Mentor: Professor Karen Fischer
Project title: Measuring the properties of the lithosphere-asthenosphere transition beneath Alaska
Science goals: The concept of a strong, cold lithospheric plate underlain by a weaker, warmer asthenosphere is fundamental to plate tectonics, yet the relative roles of temperature, chemical composition, and partial melt in creating the lithosphere-asthenosphere transition are still vigorously debated. Sp phases (seismic shear waves from distant earthquakes that convert to P waves when they hit rapid gradients in wave velocity) are a powerful tool for measuring the thickness of the lithosphere and the shear wave velocity gradient that occurs across its base. Application of this approach to data recorded by the seismic stations of the NSF EarthScope Transportable Array in Alaska will reveal how lithospheric thickness changes across tectonic terranes, and will help to determine where the lithosphere-asthenosphere velocity gradient is so strong and sharp that it indicates the presence of small amounts of partial melt pooled below the base of the plate. These findings will help us understand where the lithosphere is particularly strong or weak, shedding light on the dramatic variations in present-day surface deformation that exist in Alaska.

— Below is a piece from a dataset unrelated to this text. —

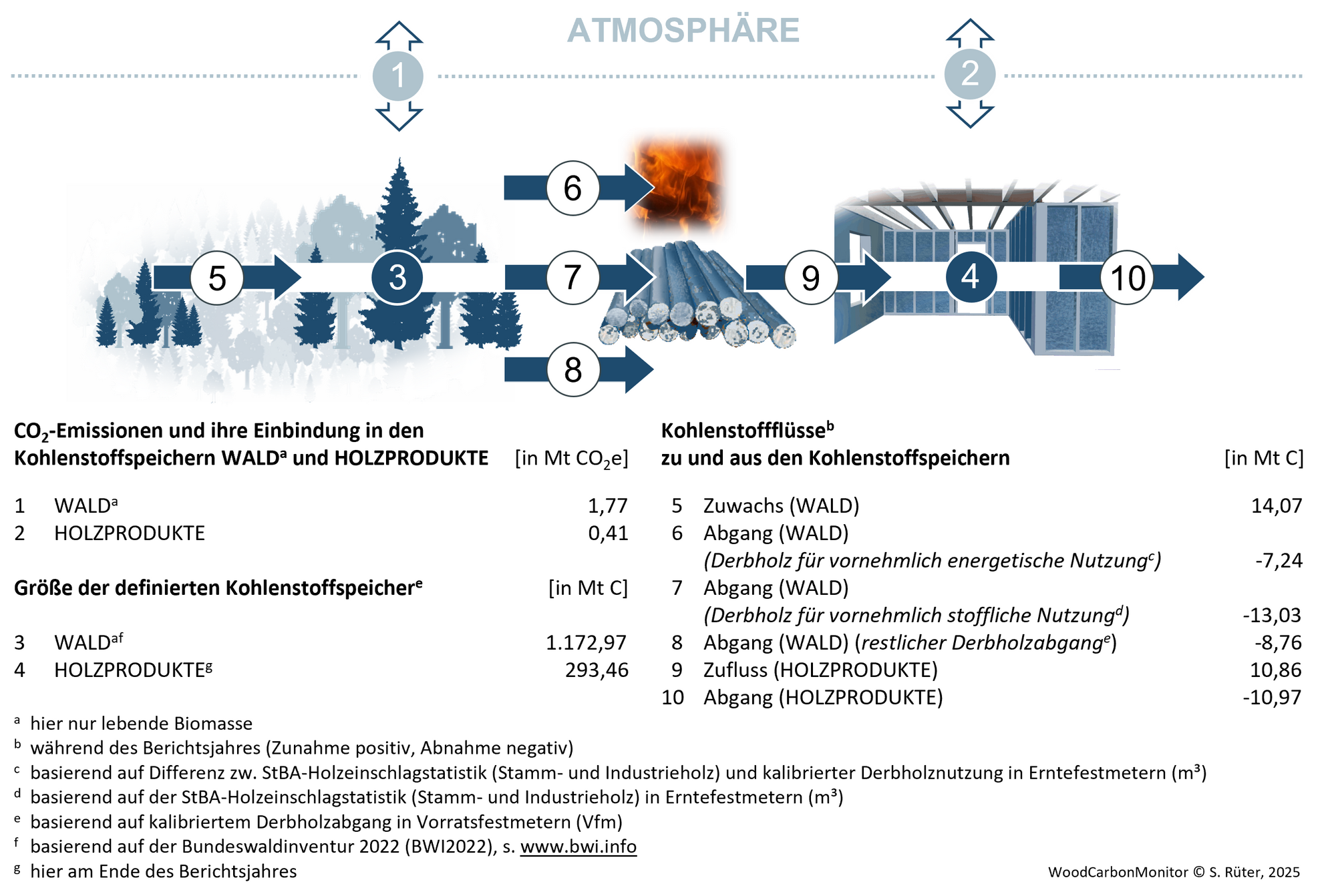 In den Jahren 2018 bis 2022 führten die ausgeprägte Trockenheit sowie die daraus resultierenden Waldschäden zu einer verstärkten Nutzung des heimischen Rohholzes. Mehr Holz wurde zu Holzhalbwaren weiterverarbeitet. Dadurch wurde auch mehr Kohlenstoff im sogenannten Holzproduktespeicher gebunden. Seit 2023 sind die Waldschäden jedoch weitestgehend aufgearbeitet. Dementsprechend entwickelt sich auch die Einbindung des Kohlenstoffs im Holzproduktespeicher zurück. Dies führte 2024 zusammen mit den Abgängen aus dem Speicher zum Verlust der Senkenfunktion der Kategorie Holzprodukte.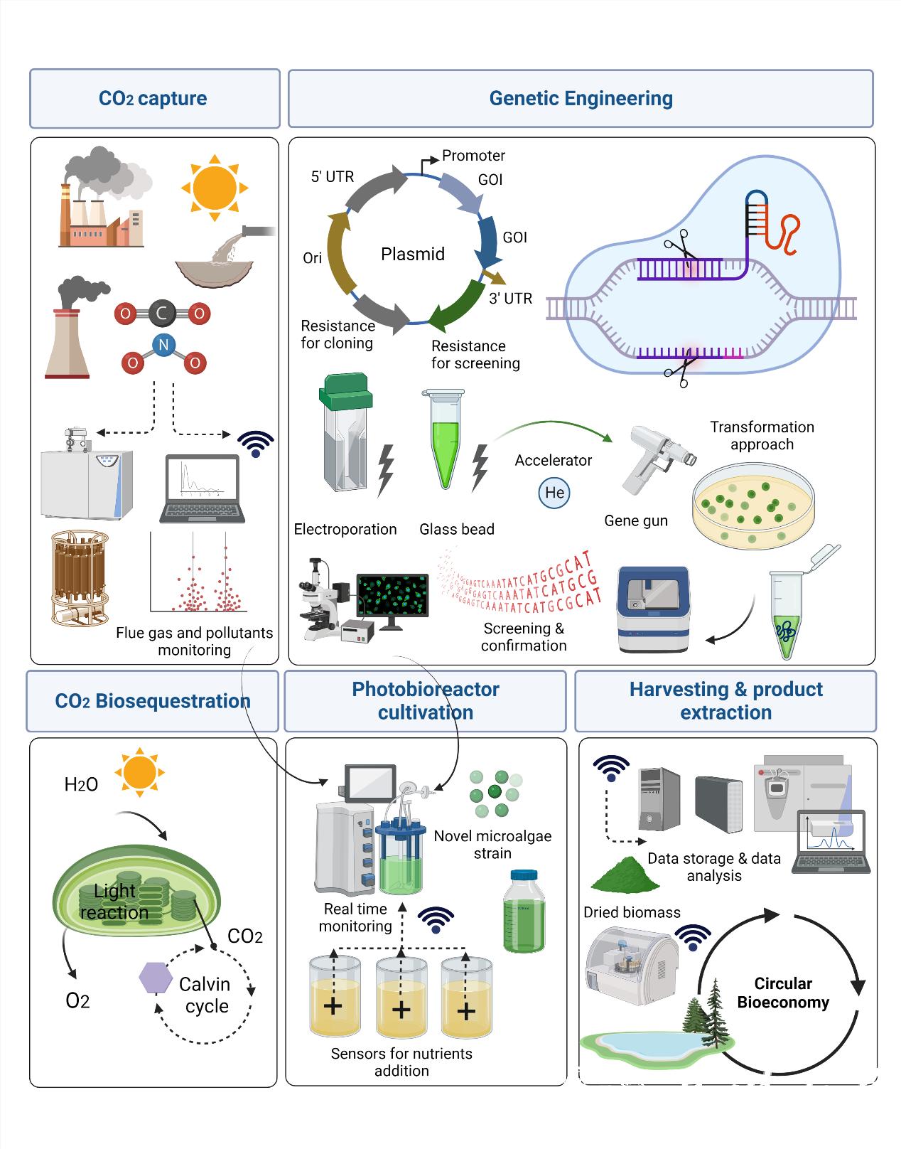 该论文针对当前二氧化碳(CO2)过多排放对人类和环境可持续发展所构成的威胁以及完成全球净零排放的最终目标对二氧化碳封存(自然汇、生物质固定、工程方法)、增值和循环碳生物经济的研究需求,结合微藻强大的碳封存能力、高生物质生产力、在废水中生长的能力、不占用耕地且可将光合作用固定的二氧化碳封存转化为富含高价值代谢物和生物燃料等有机生物质的能力,从而实现循环生物经济方面的优势,重点从利用烟气进行微藻养殖、二氧化碳封存的现状和前景、通过创新基因工程和基因编辑技术对微藻进行种质改造以提高微藻的光合作用效率、高价值代谢物含量以及微藻生物经济可持续碳管理等方面阐述了国内外最新研究进展、存在的问题和挑战,并针对以上研究提出了基于微藻培养进行二氧化碳封存及其生物精炼实现二氧化碳增值的针对性技术需求和方案,指出为了全面提高经济可行性,实现微藻生物质生产潜力的最大化并进行综合生物精炼是实现碳净零排放的唯一途径。而这需要各层面科技工作者以及政策制定者之间的通力合作。该文详细阐述了利用微藻提高CO2生物封存实现净零排放在当前实践和未来前景中所面临的挑战,目标是为环境可持续性、净零排放和循环生物经济做出贡献。虽然面临诸多难题需要解决,但是微藻在支持和能源安全以及环境友好方面具有广阔的前景,在开展CO2生物封存研究、实现净零排放方面具有举足轻重的地位。

Mentor: Professor Donald Forsyth
Project title: Seismic tomography of lithosphere and asthenosphere structure in the South Pacific
Science goals: Using surface-wave imaging from an ocean-bottom seismometer array deployed on South Pacific seafloor approximately 30 Ma in age, we will answer several critical questions regarding the state of the oceanic asthenosphere, the character of small-scale convection, and the role convective processes play in off-axis volcanism (Harmon et al., 2011) and the apparent shallowing of the seafloor. Specifically: 1) Are seismic velocity and attenuation in the asthenosphere (Ruan et al., 2018) consistent with recently proposed (grain-boundary sliding) models of mantle viscosity weakening? 2) Do seismic velocity variations in the asthenosphere correlate with gravity lineations and are they consistent with thermal predictions of small-scale convection? 3) Is the pattern of seismic velocity anisotropy in the asthenosphere indicative of small-scale convection? 4) Can small-scale convection explain the flattening of the seafloor age-depth curve with time? Addressing these questions will substantially improve our understanding of convection in the oceanic asthenosphere and its control of the evolution of Earth’s surface.

Mentor: Professor Yan Liang
Project title: Thermal history of mafic and ultramafic rocks as derived from rare earth element and major element based thermobarometers
Science goals: Major rock-forming minerals in the Earth’s upper mantle include olivine, pyroxene, garnet, and plagioclase. The distribution of rare earth elements (REE) between mantle minerals and basaltic melt is important to the interpretation of igneous rock thermal histories and their tectonic implications. The partitioning of REE between two minerals depends on temperature, pressure, and mineral composition and can be used as a thermometer or barometer. We have recently developed a suite of REE-in-two-mineral thermobarometers. The science goal of this project is to use these new thermobarometers to study the thermal histories of mafic and ultramafic rocks. Since diffusion rates of REE are considerably lower than diffusion rates of Ca, Mg, and Fe in the mantle minerals, REE-based two-mineral thermometers may have very different closure temperatures than major element-based thermometers, which may shed new light on igneous rock thermal histories.